Since CERN is so international, how do you choose how you release data and publish research? Is open access a more acute concern because of national boundaries? What about funding sources? Are there countries that demand open access as a precondition for money? Has that influenced scientists from different locales?
The way to release data is in a worldwide common framework: on a web platform, with a lot of files to create the best documentation possible.
This last step is in fact the most difficult one, so, we run local trainings as well, with different audiences in order to get feedback and repair the holes and make the web and user interfaces better every day.
The fact that CERN is a multinational organisation with so many funding governments and institutions consolidate the openness of the research and the resources products of those. Many legal aspects are taking into account and I am do not know all the details, but the spirit is to share and be as useful as possible.
CERN is in such an individual position in terms of the science it does, so what kind of innovative measures are you taking to publicize this science? How are you highlighting the work that scientists and communities are doing with the published data?
We have been working very hard in the communication side by using every possible media out there to communicate results, activities, tutorials, and even how physicists spend their time.
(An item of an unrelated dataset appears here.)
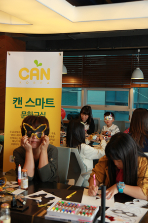 이날 문화교실에서 다가오는 할로윈데이를 맞아 가면 만들기 시간을 가졌다. 참가자들은 직접 그림을 그리고 종이를 붙여 만들면서 창의력과 상상력을 계발했다. 미술 수업은 캔코리아 회원이자 현재 미술 교육 강사로 활동 중인 송진희씨 재능기부로 진행됐다.
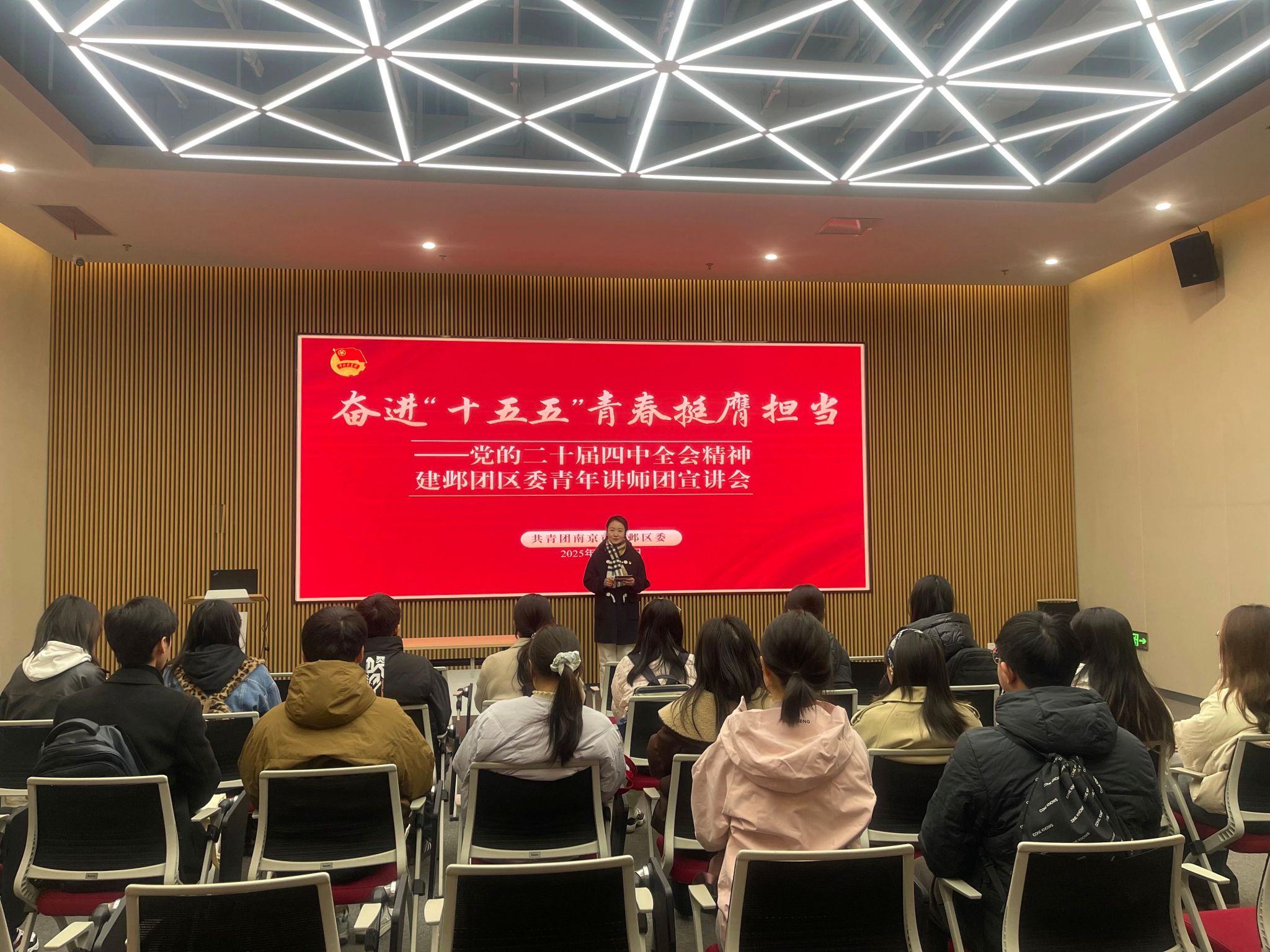 在参观结束后,同学们来到报告厅,参加“奋进‘十五五’ 青春挺膺担当——党的二十届四中全会精神宣讲会”,建邺区团委青年讲师围绕全会精神,结合青年成长与“十五五”规划,引导青年在新征程中主动担当、贡献青春力量。

This is done by the CERN community and included in each of the experiments now. Our presence in social media is strong (at least for a scientific community!) and more and more people are aware of what we do and why it is important. Students around the world come to visit CERN and the experiments, and some others visit the place virtually. In the case of the data, the challenge right now is to use the power of the media and the web in order to explain how to use it. Developing easy but still powerful user Interfaces is the key! With a lot of energy and ideas we are trying to reach more people every day, even with the limited resources that we have.
I am reaching the end with the beginning of this story – the ATLAS Open Data platform. In the outreach group we are learning and developing tools and protocols that help us disseminate the data publicly, trying to prove to ourselves and the members of the experiment that there is interest to use those datasets and resources by the international community.
Our aim is getting more data out there! We want to make that data and tools available for the world to see.